• _TASK DESCRIPTION_
Set down the data below without change, skipping the pictures it holds.

• _DATA SEGMENT_
------------

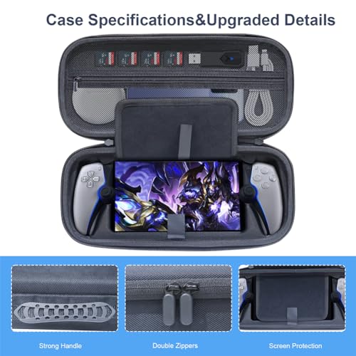 🎮【Premium Material】EVA material is used to effectively shockproof. The thickened grooves inside the hard case provide separate compartments, ensuring that your items stay neatly organized. Sturdy and durable handheld bag design for PS Portal.Package includes: 1 x 9H Hardness Tempered Glass Screen Protector,1 x PS5 Portal Case,1 x TPU Protective Case Cover.
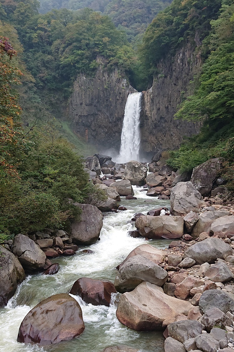 柱状節理の岩壁をくりぬいた様に流れ落ちる滝がとても迫力あります。
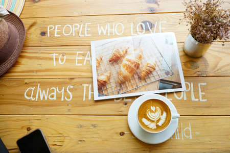 white latte coffee cup on wooden table with picture croissant, hat and cell phone.

------------

• _TASK ANSWER_
 🎮【Premium Material】EVA material is used to effectively shockproof. The thickened grooves inside the hard case provide separate compartments, ensuring that your items stay neatly organized. Sturdy and durable handheld bag design for PS Portal.Package includes: 1 x 9H Hardness Tempered Glass Screen Protector,1 x PS5 Portal Case,1 x TPU Protective Case Cover.
 柱状節理の岩壁をくりぬいた様に流れ落ちる滝がとても迫力あります。
 white latte coffee cup on wooden table with picture croissant, hat and cell phone.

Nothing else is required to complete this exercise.